Alphabet is a randomly fixed order of letters with a certain name assigned to each. It serves no great purpose in a literacy class to first force the learners to spend months of their time to memorize the names of the letters of alphabet only. After months of boredom and monotony, the learners still need to know what could be the possible role of these letters in learning the skills of reading and writing. On the contrary, word based learning and teaching informed of phonemic awareness mimics nature and the natural readiness of a child to learn a language, which is further developed into phonic understanding. Learners can have the list of the letters of the alphabet at the end of the literacy program.

8 Responses to Do We Need to Follow Alphabetic Order to Teach Literacy?

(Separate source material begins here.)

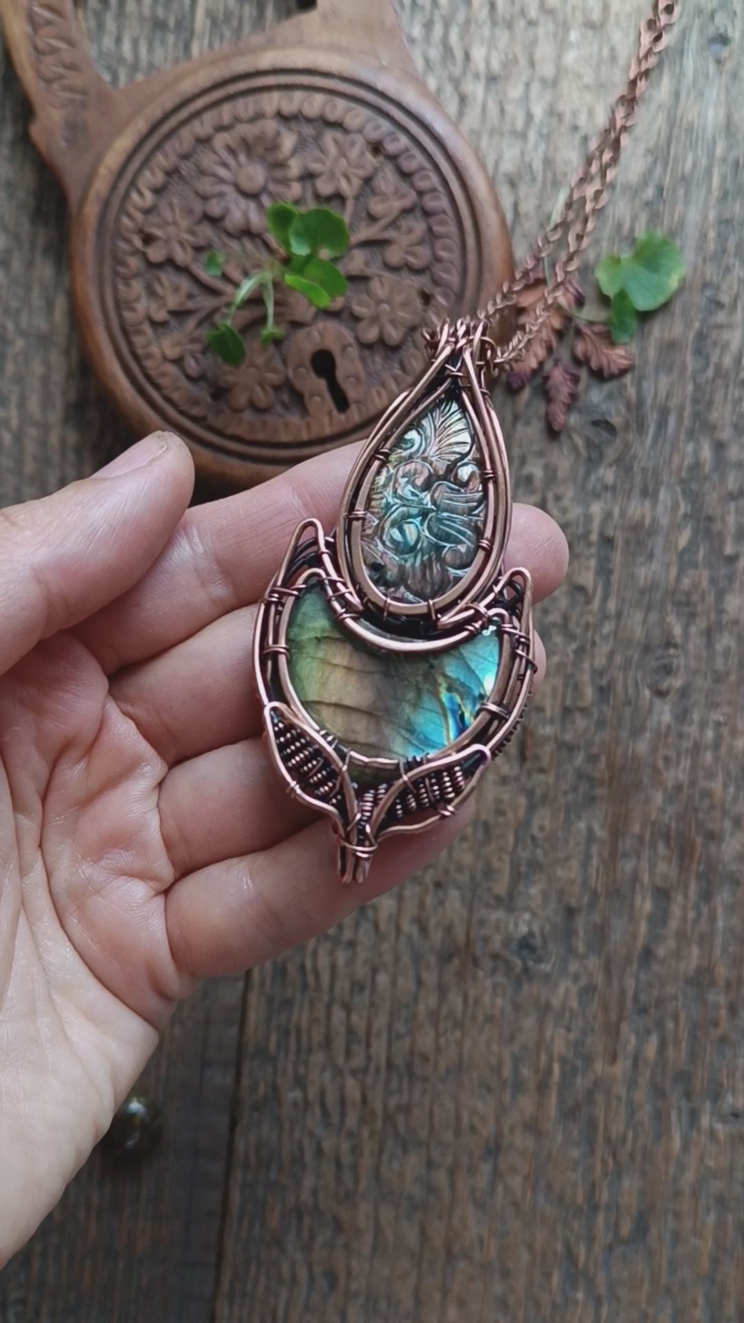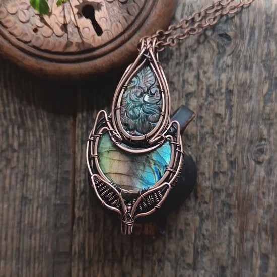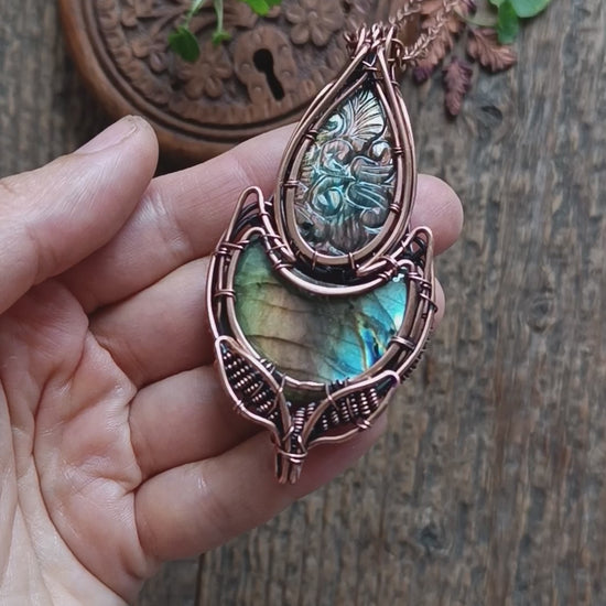 Beautiful carved labradorite showing pink, yellow and purple flash (not at all angles) and full flash blue and yellow moon labradorite, all shaped in a floral necklace, which reminds me of a lotus bud a lot!
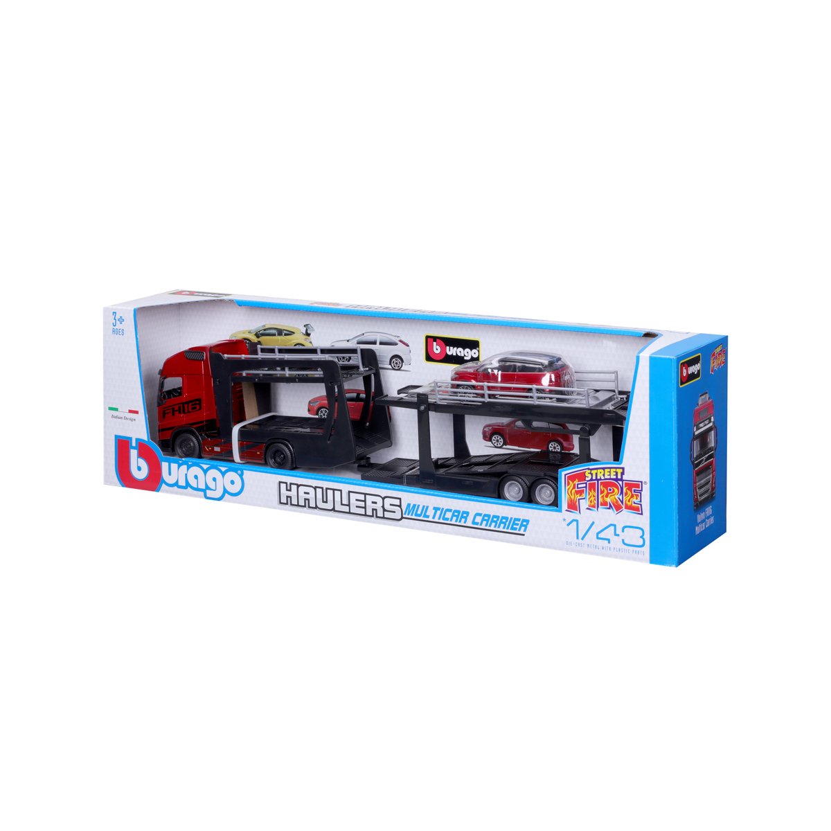 Modely kamionů v měřítku1:43 Multicar Carrier s návěsem pro přepravu aut z kolekce Street Fire jsou sbírkou modelů s vysokým důrazem na přesnost detailů. Modely jsou vyrobeny z litého kovu s plastovými detaily. Každý z kamionů je doplněn jedním modelem osobního automobilu. V přepravním návěsu mohou malí řidiči převážet až pět autíček z kolekce Street Fire. Baleno v krabičce. Nevhodné pro děti do 3 let. Rozměry balení: 15,5 x 52,1 x 11,8 cm. Věk: 3+

  1. Very good one. I agree with the arbitrary character of alphabets which need not to be followed in building language abilities. Perhaps aim of learning is to know life and ability to express it with the use (combinations) of some characters (alphabets). The accumulated knowledge later culminates into complex argumentation in sentences and invites critical thought from other sources. Best regards, Zubair

  2. David says:

    A very interesting article about an issue that really should come to the fore, especially with the world moving toward a more intuitive learning model – teaching the alphabet first is fast becoming outdated.

  3. asma ahmad says:

    Totally agreed. Since the recognition of the sounds and associating it with the objects is much more rewarding for the learning process the order of the letters might not be that pivotal. Yet, to familiarize them with certain word families could be introduced in one span of time.But definitely learning from their environment first and then returning to the knowledge of letters would yield far better results.

  4. Seema Ibrahim says:

    Very nice Article.100% agreed. Thanks for Sharing. Excellent approach to teach in unstructured way. There is no order to learn or teach. Every learner learns the alphabets and words from their environment they grow in. I implement Waldorf and Reggio Emilia approach in my pre-school. Children learn best when provided with ample opportunities and rich learning environment. In verbal and physical context. I applaud Khoj methodology of teaching.

  5. Salim Manzar says:

    I have personally observed the effectiveness of Sr Nasira habib’s methodology, and it seems almost miraculous as a learning approach for both children and adults. The “modern” alphabetical approach is part of the “modern” education system of training pseudo-robotics cogs for the wheel of the “modern” corporate system, instead of analytical, independent, critical thinking individuals.

  6. Nida khan says:

    Thank you so much for sharing such a nice article. Excellent approach regarding unstructured way of teaching. I totally agree that there is no order to learn or teach. Every learner learns most of the words from their environment.

  7. Nuzhat Amin says:

    Thanks a lot for sharing a very nice article. I congratulate you for this methodology of teaching. Excellent approach to teach in free way. There is no order to learn or teach. Every learner learns the alphabets and words from their environment they grow in. Children learn best when provided with ample opportunities.

  8. Bilal Aziz says:

    Thank you for sharing this article. As I witnessed many times in the field during piloting of this method, no doubt this not only accelerates the learning pace but it is more logical instead of memorization. This method leads learners toward independent, analytical and critical thinking and reduces dependency at every step of life. There are many good cases in field which we can share.